Creating Db object from a data.frame

The user can then create a database of the gstlearn package (Db class) directly from the previously imported data.frame.

dat = fromTL(datcsv)
dat
## 
## Data Base Characteristics
## =========================
## 
## Data Base Summary
## -----------------
## File is organized as a set of isolated points
## Space dimension              = 0
## Number of Columns            = 4
## Total number of samples      = 236
## 
## Variables
## ---------
## Column = 0 - Name = Longitude - Locator = NA
## Column = 1 - Name = Latitude - Locator = NA
## Column = 2 - Name = Elevation - Locator = NA
## Column = 3 - Name = January_temp - Locator = NA

Creating Db object directly from CSV file

These operations can be performed directly by reading the CSV file again and load it directly into a Db.

To do so, we start by creating CSVformat object using the CSVformat_create function. This object is used to specify various properties of the file we want to load, namely the presence of a header line (through the argument flagHeader) and the way missing values are coded in the file (through the argument naString).

Then, the function Db_createFromCSV allows to load directly the CSV file into a gstlearn data base.

csv = CSVformat_create(flagHeader=TRUE, naString = "MISS")
dat = Db_createFromCSV(filecsv, csv=csv)
dat
## 
## Data Base Characteristics
## =========================
## 
## Data Base Summary
## -----------------
## File is organized as a set of isolated points
## Space dimension              = 0
## Number of Columns            = 5
## Total number of samples      = 236
## 
## Variables
## ---------
## Column = 0 - Name = rank - Locator = NA
## Column = 1 - Name = Longitude - Locator = NA
## Column = 2 - Name = Latitude - Locator = NA
## Column = 3 - Name = Elevation - Locator = NA
## Column = 4 - Name = January_temp - Locator = NA

Note that a "rank" variable has been automatically added.

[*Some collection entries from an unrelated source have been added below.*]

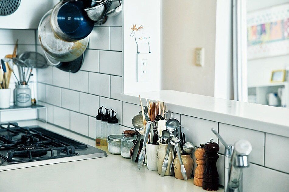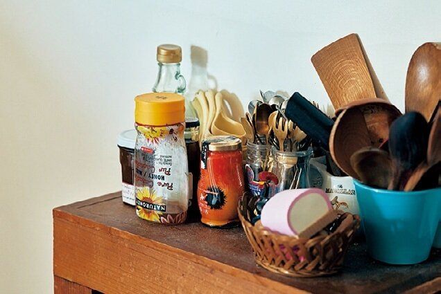 毎日使うツールは、作業台から「一歩も動かず取れる位置」に並べています。作業台の背面には、「振り返れば取れる位置」にカトラリーをセット。かわいい空き瓶などを再利用し、アイテム別に立てておくと一目瞭然に。
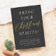 Vänner eller kolleger från inbjudan för att fira säsongen med de här elegant helgdag-cocktail-inbjudningarna! Utformningen har en svart bakgrund med "ta med dig spriten!" i feta, vita, kursiva versaler med "julen" i chic guld med dina evenemangsuppgifter i klassiskt serif-typografi under. Kort som går tillbaka till ett festivt rött färg med en vit deco-snöflake mönster. Anpassa det här kortet med din händelsetyp, skapar perfekt för party, julmiddagar, helgdag, företagshändelser, helgdag cocktail party och mycket annat! Kontakta mig gärna om du har frågor - jag är lycklig för att hjälpa till!
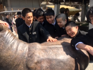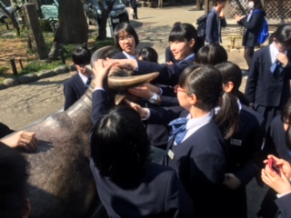 天神様は牛に縁のある神様。湯島天神のこの撫で牛は、自分の体の悪いところをさするとよくなるというご利益があるんですよね。中学生がそんなに悪いところないと思うけどなぁ、みんな一生懸命撫でています。
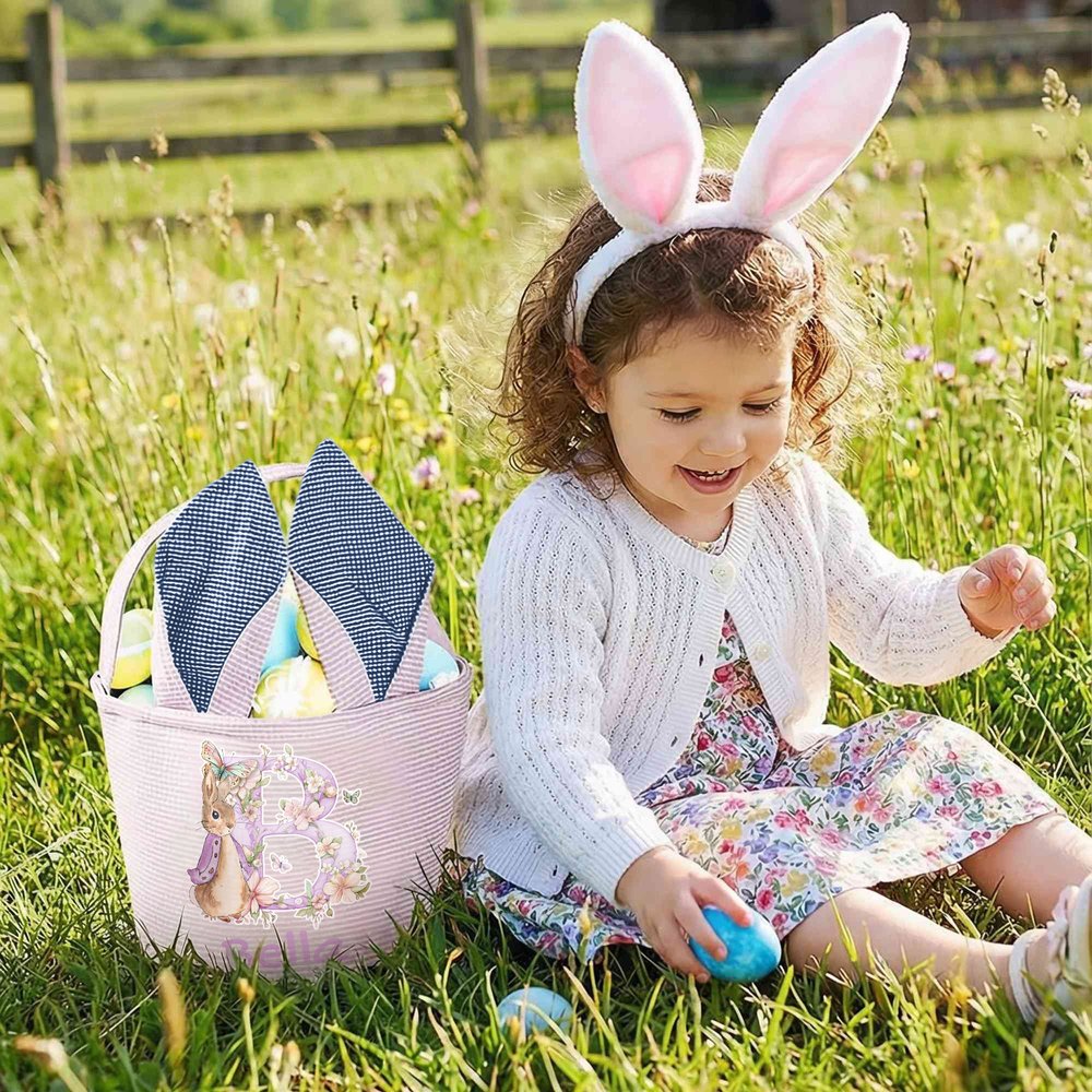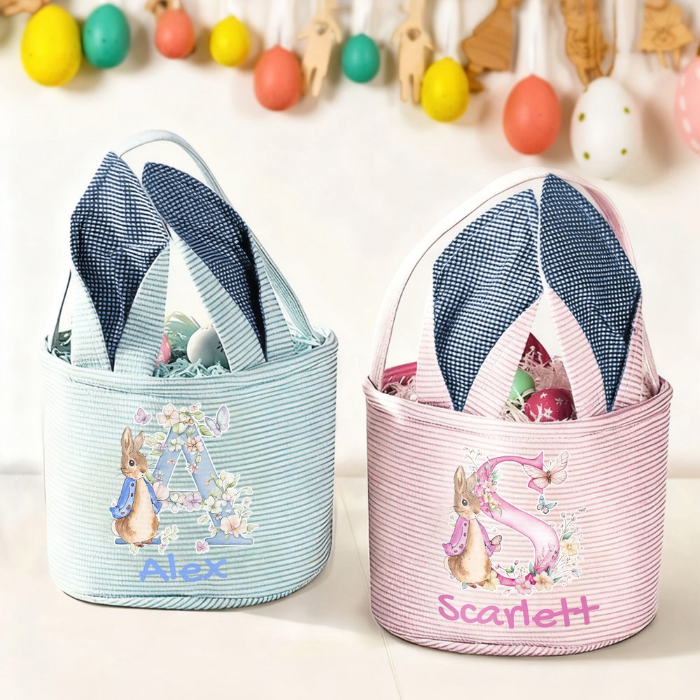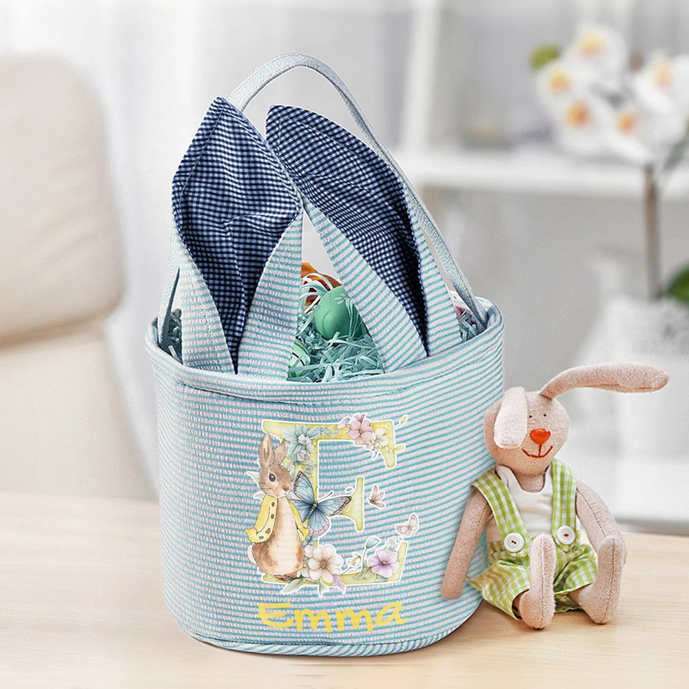 This Easter basket features the classic Peter Rabbit as its core element, complemented by flowers, butterflies, and an initial, giving it a festive feel. The basket boasts adorable bunny ears and a contrasting striped design, and is available in four colors: pink, green, blue, and purple. Each basket is customized with the initial and the kid's name, making it a unique symbol of the Easter holiday.
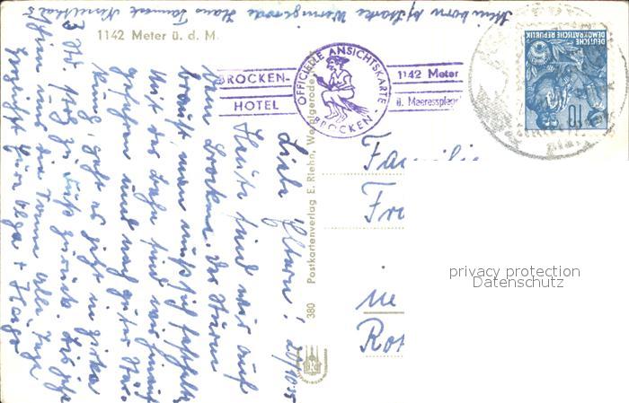 71942270 alte Postkarte Brocken Harz Brockenhotel im Harz postalisch gelaufen Erhaltung siehe scans KatCode: 11110015085370
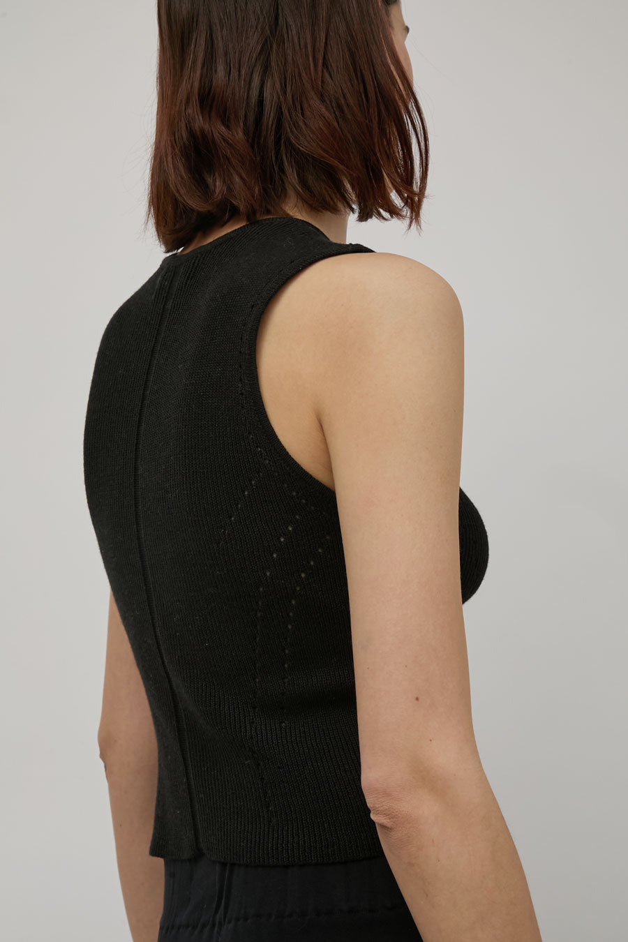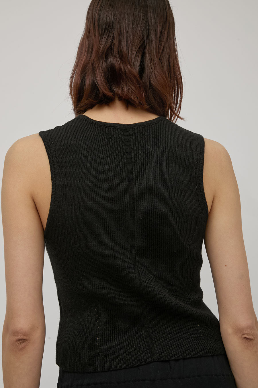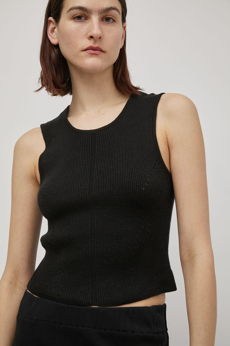 High gauge knit tank in a tight rib with center seam detail and arching open work along the side bust line. A great addition to your layering library.
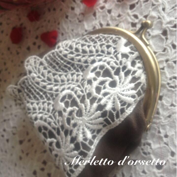 帆布生地にレースをコラージュした可愛いプチがま口です。

The rank is always 1-based and must be distinguish from an index (0-based) when calling gstlearn functions (except for the [] operator, see below). The rank variable could be later useful for certain functions of the gstlearn package.


Importing Db File from a "Neutral File"

A last solution is to import it directly from the set of demonstration files (provided together with the package and called fileNF) and stored in a specific format (Neutral file).

These NF (or neutral file) are currently used for serialization of the gstlearn objects. They will probably be replaced in the future by a facility backuping the whole workspace in one step.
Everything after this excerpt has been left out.